Dear Christian,
Do you feel compelled by the present distress to do something to help calm the chaos, unify broken relationships, and encourage love among neighbors and countrymen?
If so, you are not alone. It is hard to see the unrest and anxiety around us and not want to offer healing.
But what can you and I, specifically, do to heal the nation? Is there an answer?
Some Christians are shining shoes. Some are giving out hugs on street corners. Some are pushing to pass police reform. Some are trying to listen more to identify with the plights of fellow Americans.
Guess what? The answer to the unrest, the violence, the anger, the abuse of power, the ill will towards neighbors—the answer lies in the Gospel, the good news that Jesus Christ was crucified on behalf of all who believe in Him!
In Acts 10, God teaches a Jewish preacher and apostle, Peter, a vital lesson. He arranged for Peter to go to the house of a Gentile (non-Jew) named Cornelius, and the first thing Peter said to Cornelius and his family was, “You yourselves know how unlawful it is for a Jew to associate with or to visit anyone of another nation, but God has shown me that I should not call any person common or unclean” (Acts 10.28). Then Peter preaches one of my favorite sermons. He begins in this way:
34 “Truly I understand that God shows no partiality, 35 but in every nation anyone who fears him and does what is right is acceptable to him. 36 As for the word that he sent to Israel, preaching good news of peace through Jesus Christ (he is Lord of all), 37 you yourselves know what happened throughout all Judea, beginning from Galilee after the baptism that John proclaimed: 38 how God anointed Jesus of Nazareth with the Holy Spirit and with power.
Acts 10.34-38
And Peter ends the sermon with this:
To him all the prophets bear witness that everyone who believes in him receives forgiveness of sins through his name.”
Acts 10.43
The gospel clearly has gone forth to unify men of all nations.
In a vision of the coming Christ, Daniel wrote in Daniel 7:
13 “I saw in the night visions,
Daniel 7.13-14
and behold, with the clouds of heaven
there came one like a son of man,
and he came to the Ancient of Days
and was presented before him.
14 And to him was given dominion
and glory and a kingdom,
that all peoples, nations, and languages
should serve him;
his dominion is an everlasting dominion,
which shall not pass away,
and his kingdom one
that shall not be destroyed.
Malachi finished up the writings of the Old Testament prophesying of John the Baptist:
“Behold, I will send you Elijah the prophet before the great and awesome day of the Lord comes. And he will turn the hearts of fathers to their children and the hearts of children to their fathers, lest I come and strike the land with a decree of utter destruction.”
Malachi 4.5-6
The Gospel is about healing broken people because the Gospel changes our hearts. No longer do we view others with hate, although we all once hated one another (Titus 3.3), but now we love all men. God’s grace brings salvation to all people (Titus 2.11). When we truly understand His grace—that He loves and blesses us even though we are filthy, unrighteous, and deserving only of punishment—then we can truly extend grace to others.

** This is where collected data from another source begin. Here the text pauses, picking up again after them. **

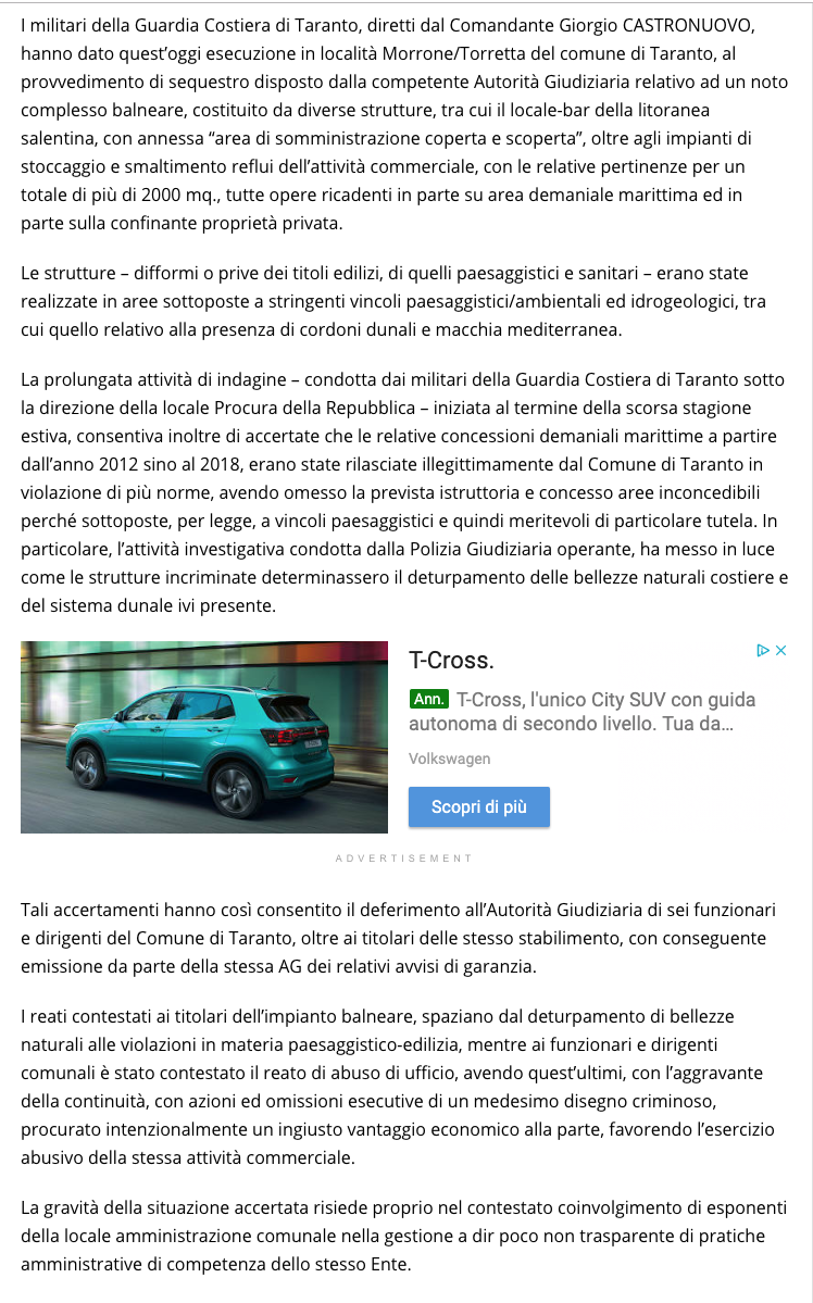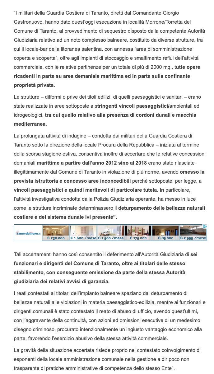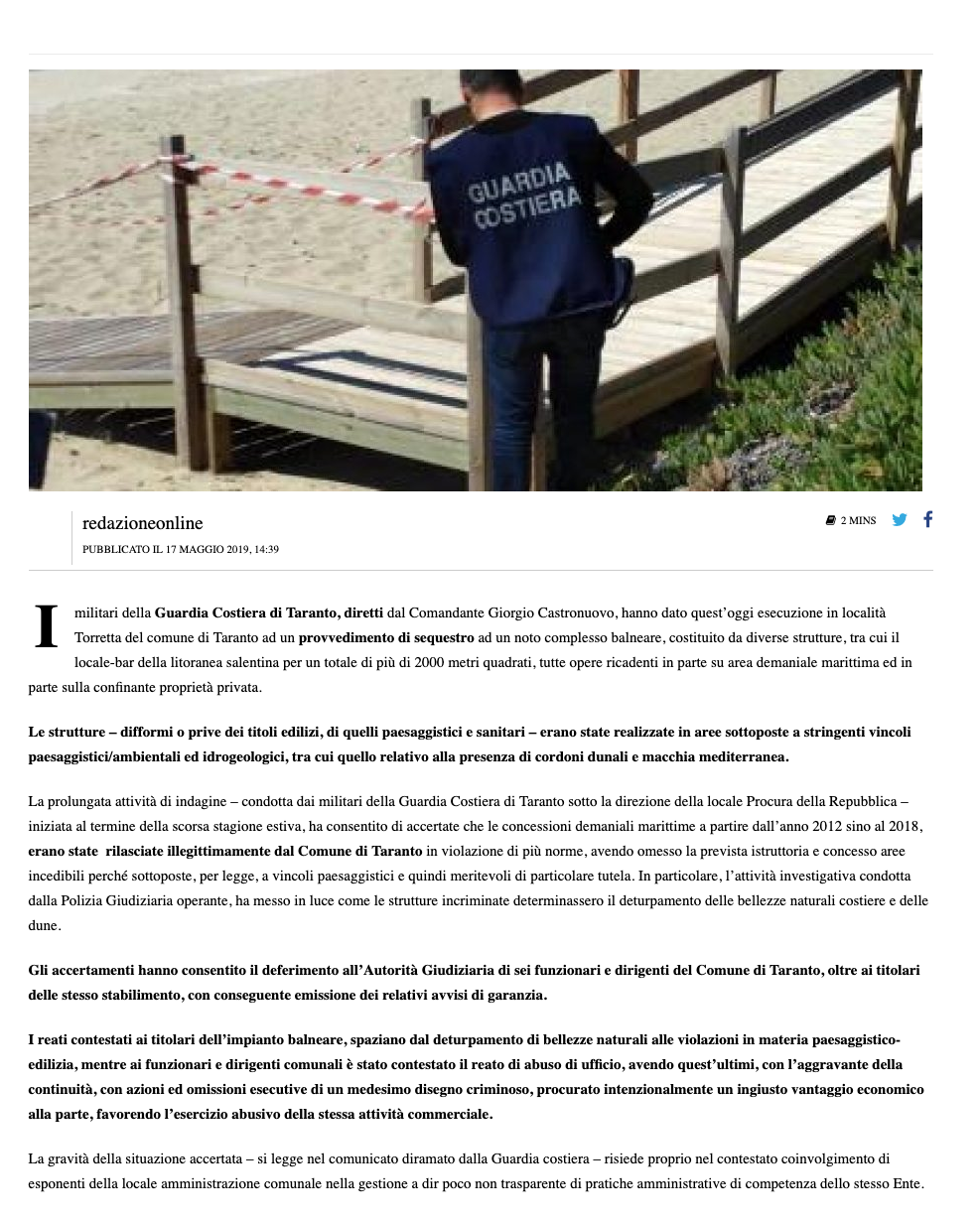 La prolungata attività di indagine condotta dai militari della Guardia Costiera di Taranto sotto il coordinamento del pm dr. Mariano Buccoliero della locale Procura della Repubblica, iniziata al termine della scorsa stagione estiva, ha consentito di accertate che le relative concessioni demaniali marittime a partire dall’anno 2012 sino al 2018, erano state rilasciate illegittimamente dal Comune di Taranto in violazione di più norme, avendo omesso la prevista istruttoria e concesso aree inconcedibili perché sottoposte, per legge, a vincoli paesaggistici e quindi meritevoli di particolare tutela. In particolare, l’attività investigativa condotta dagli ufficiali della Polizia Giudiziaria operante, ha messo in luce come le strutture incriminate determinassero il deturpamento delle bellezze naturali costiere e del sistema dunale .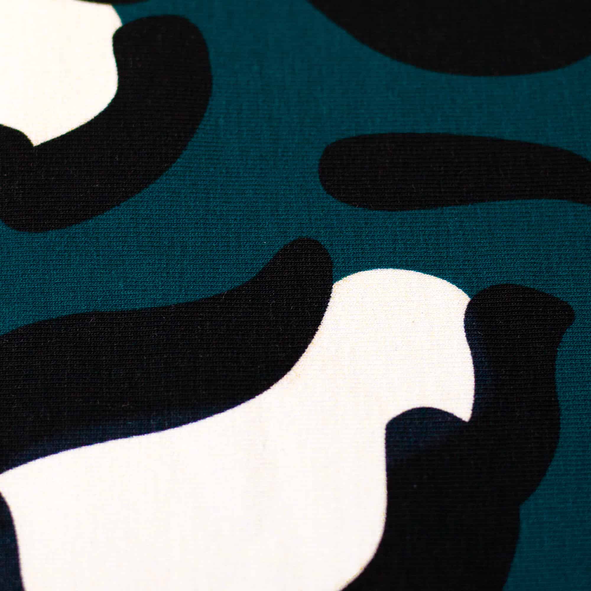 Auffälliges Design mit großformatigem Leo-Print, das durch klare Linien und kräftige Farben besticht. Leo-Print ist weiterhin ein wichtiges Mode-Thema und ist hier in dem tollen, anschmiegsamen Modal French Terry aufgegriffen. Durch den Modal-Anteil ist Sandra besonders weich, angenehm zu tragen und mit einem schönen Fall.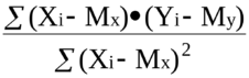 При наличии результатов наблюдений над парами Xi и Yi предварительно вычисляются средние значения My и Mx, а затем производится оценка коэффициента b в виде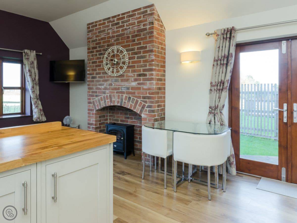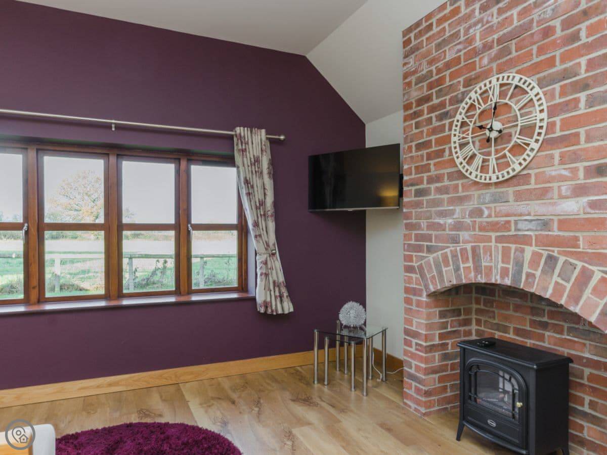 Saddleback Cottage is near a village called Hadley End, up in Staffordshire. It's one of three cottages around a shared courtyard. Yours is the end one. You get your own garden, which looks out onto fields.

I was saved by God’s grace! I did not deserve it. So, even though you, my neighbor, are acting the fool and attempting to hurt me in your hatred, I will still love you and show compassion for you and open my heart to you.
Jesus broke down the wall of separation between Jew and Gentile through the cross. His death opened the doors of reconciliation. We are first reconciled to God, then to our fellow man.
Do you want to do something to change this world? Do you want to effect real, lasting, and powerful change? Then preach the Gospel! Tell your neighbors about Jesus! He grants peace, life, and victory over the evil of this world.
It sounds too simple, doesn’t it? Jesus is certainly not the answer this world thinks it needs—but this world is full of darkness and does not walk in true wisdom. God has blessed us with the light of His word, the light of His Gospel, and we should share it! We should live it! We should bring God’s wisdom to bear on everything.
Really, we should just continue to walk in a manner worthy of the calling with which we’ve been called and preach the Gospel, which is God’s power unto salvation for ALL who believe, to the Jew first and also the Greek. May God bless us in this walk.